WHAT TO PRODUCE
Your output should consist solely of the lines from the one holding "Den här enkla, moderna" to the end of the records below, inclusive, reproduced exactly and free of pictures.

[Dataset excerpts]
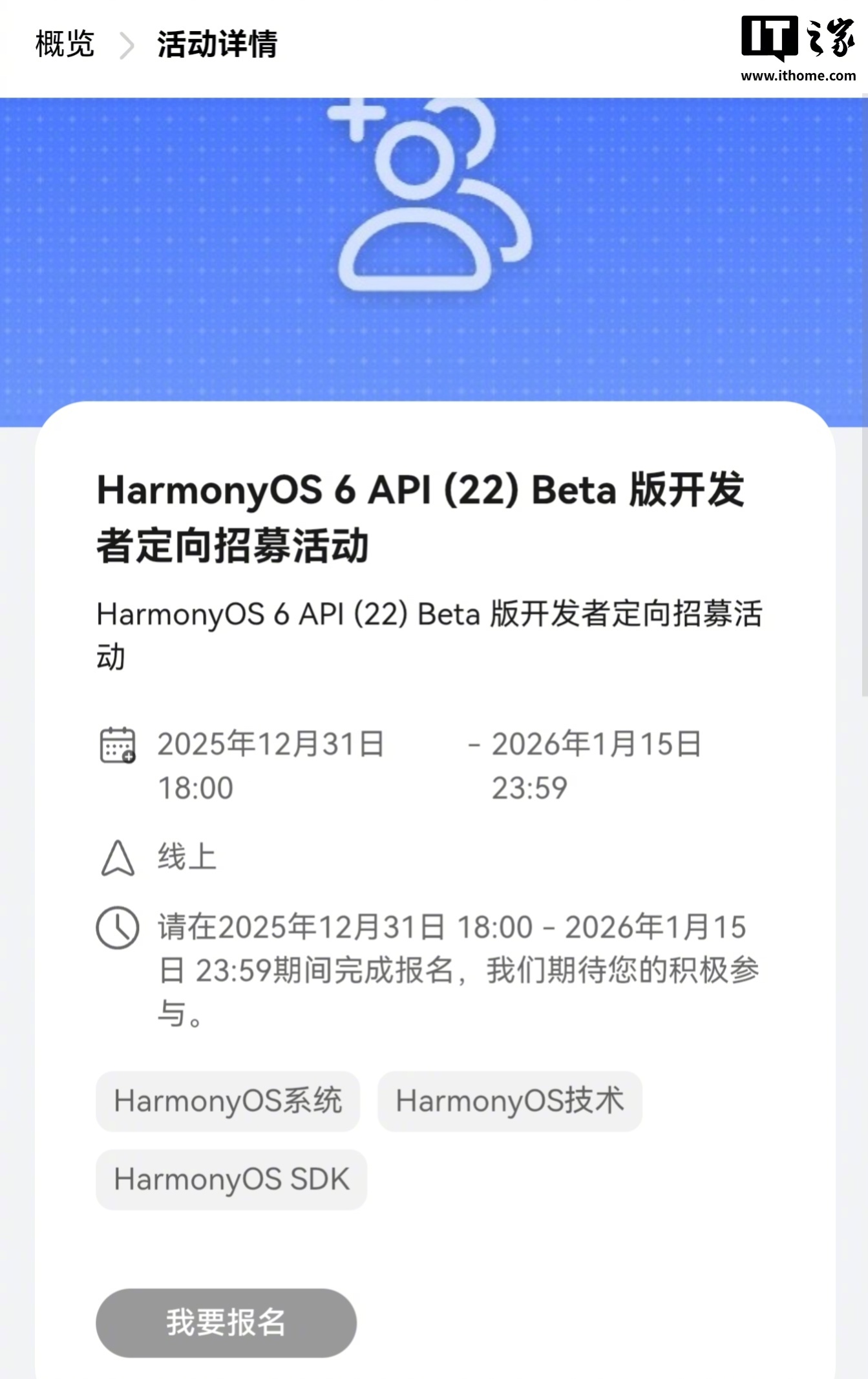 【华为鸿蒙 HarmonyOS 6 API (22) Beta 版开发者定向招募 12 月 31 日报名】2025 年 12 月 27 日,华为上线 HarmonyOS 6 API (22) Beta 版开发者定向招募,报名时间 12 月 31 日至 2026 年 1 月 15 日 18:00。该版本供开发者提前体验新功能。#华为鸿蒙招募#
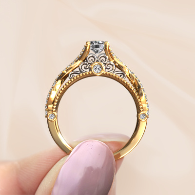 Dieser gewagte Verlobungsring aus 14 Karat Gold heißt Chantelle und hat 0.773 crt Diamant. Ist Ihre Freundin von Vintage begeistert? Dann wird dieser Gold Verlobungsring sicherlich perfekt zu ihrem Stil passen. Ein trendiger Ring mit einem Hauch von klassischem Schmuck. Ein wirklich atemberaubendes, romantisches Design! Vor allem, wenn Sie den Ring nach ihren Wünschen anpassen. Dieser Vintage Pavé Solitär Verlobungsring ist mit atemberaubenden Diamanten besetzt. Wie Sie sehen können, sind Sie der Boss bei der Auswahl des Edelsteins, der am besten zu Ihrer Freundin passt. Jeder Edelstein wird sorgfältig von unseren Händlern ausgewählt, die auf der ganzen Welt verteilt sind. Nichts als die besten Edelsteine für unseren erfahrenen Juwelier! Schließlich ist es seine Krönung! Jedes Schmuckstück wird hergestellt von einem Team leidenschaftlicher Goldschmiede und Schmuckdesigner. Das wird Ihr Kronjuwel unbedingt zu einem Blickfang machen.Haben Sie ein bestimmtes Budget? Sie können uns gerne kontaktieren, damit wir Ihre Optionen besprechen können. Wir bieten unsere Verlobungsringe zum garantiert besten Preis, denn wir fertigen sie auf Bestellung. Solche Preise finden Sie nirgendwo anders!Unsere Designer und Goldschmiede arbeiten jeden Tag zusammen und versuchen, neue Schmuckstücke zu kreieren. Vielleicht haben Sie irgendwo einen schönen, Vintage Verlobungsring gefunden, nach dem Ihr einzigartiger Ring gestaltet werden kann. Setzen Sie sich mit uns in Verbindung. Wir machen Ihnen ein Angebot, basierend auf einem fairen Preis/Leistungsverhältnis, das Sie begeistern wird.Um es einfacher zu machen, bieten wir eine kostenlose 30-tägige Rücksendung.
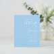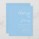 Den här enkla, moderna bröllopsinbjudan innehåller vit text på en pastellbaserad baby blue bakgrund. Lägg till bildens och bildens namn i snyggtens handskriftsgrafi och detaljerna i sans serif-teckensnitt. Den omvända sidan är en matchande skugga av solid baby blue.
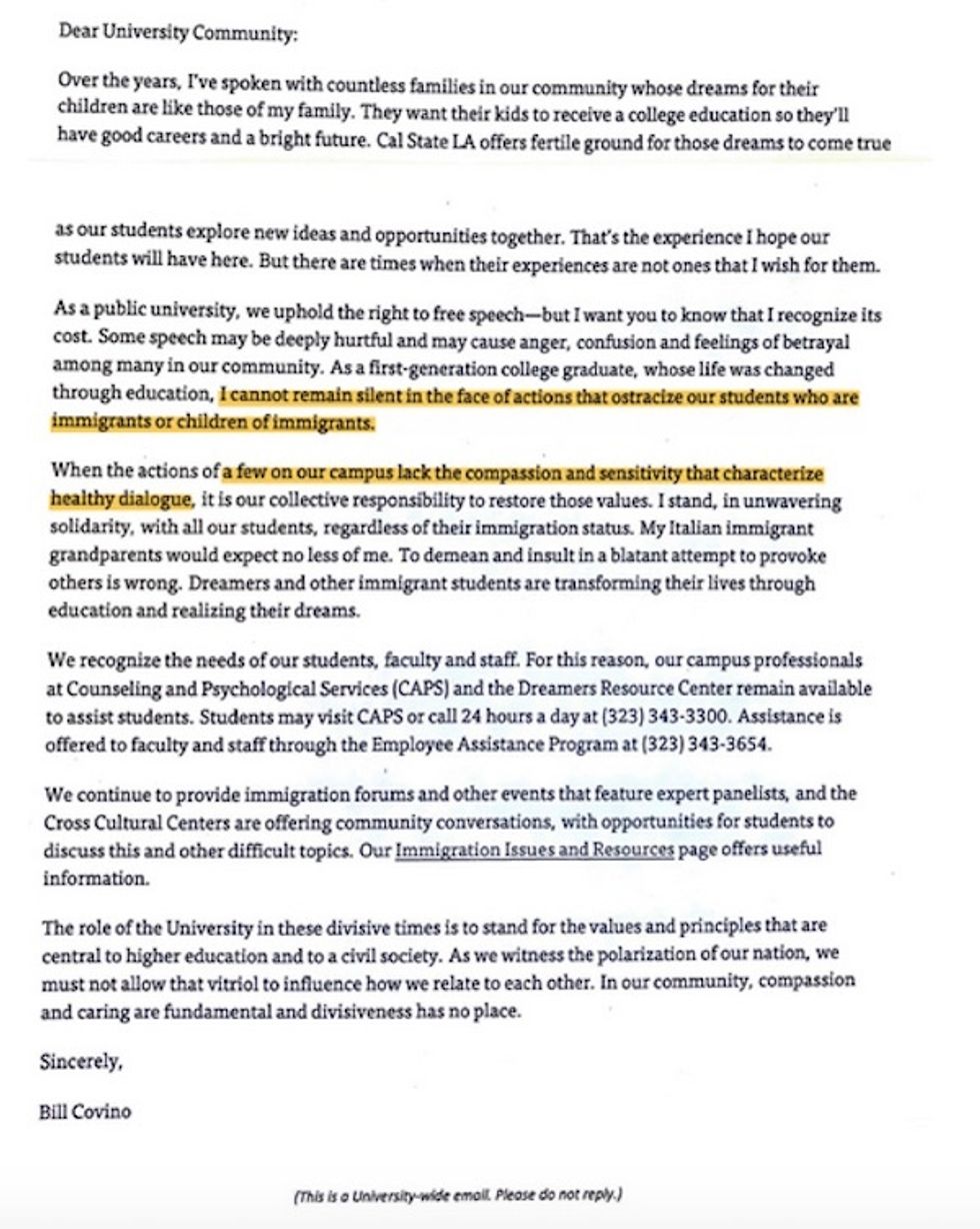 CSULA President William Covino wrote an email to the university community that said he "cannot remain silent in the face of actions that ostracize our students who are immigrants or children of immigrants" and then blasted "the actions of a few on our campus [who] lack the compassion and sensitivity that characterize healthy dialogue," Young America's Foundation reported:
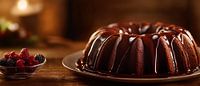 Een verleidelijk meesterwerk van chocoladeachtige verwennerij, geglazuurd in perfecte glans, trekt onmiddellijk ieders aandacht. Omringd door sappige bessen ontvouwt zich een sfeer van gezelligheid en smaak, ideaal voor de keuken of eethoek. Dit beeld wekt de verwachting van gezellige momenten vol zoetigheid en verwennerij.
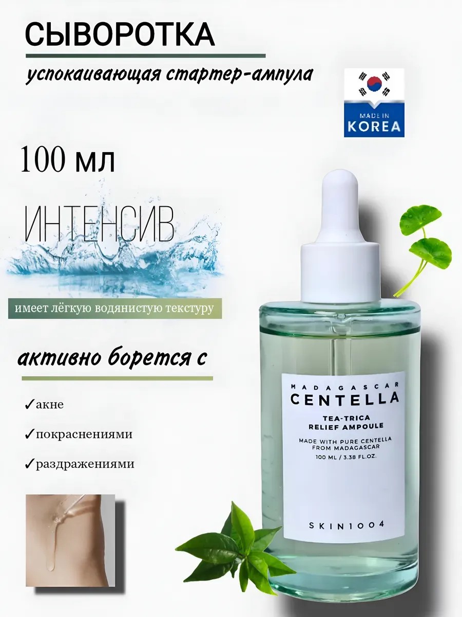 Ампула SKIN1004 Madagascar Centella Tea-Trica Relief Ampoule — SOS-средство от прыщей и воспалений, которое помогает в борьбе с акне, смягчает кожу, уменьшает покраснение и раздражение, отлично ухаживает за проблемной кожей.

ANSWER BOX
 Den här enkla, moderna bröllopsinbjudan innehåller vit text på en pastellbaserad baby blue bakgrund. Lägg till bildens och bildens namn i snyggtens handskriftsgrafi och detaljerna i sans serif-teckensnitt. Den omvända sidan är en matchande skugga av solid baby blue.
 CSULA President William Covino wrote an email to the university community that said he "cannot remain silent in the face of actions that ostracize our students who are immigrants or children of immigrants" and then blasted "the actions of a few on our campus [who] lack the compassion and sensitivity that characterize healthy dialogue," Young America's Foundation reported:
 Een verleidelijk meesterwerk van chocoladeachtige verwennerij, geglazuurd in perfecte glans, trekt onmiddellijk ieders aandacht. Omringd door sappige bessen ontvouwt zich een sfeer van gezelligheid en smaak, ideaal voor de keuken of eethoek. Dit beeld wekt de verwachting van gezellige momenten vol zoetigheid en verwennerij.
 Ампула SKIN1004 Madagascar Centella Tea-Trica Relief Ampoule — SOS-средство от прыщей и воспалений, которое помогает в борьбе с акне, смягчает кожу, уменьшает покраснение и раздражение, отлично ухаживает за проблемной кожей.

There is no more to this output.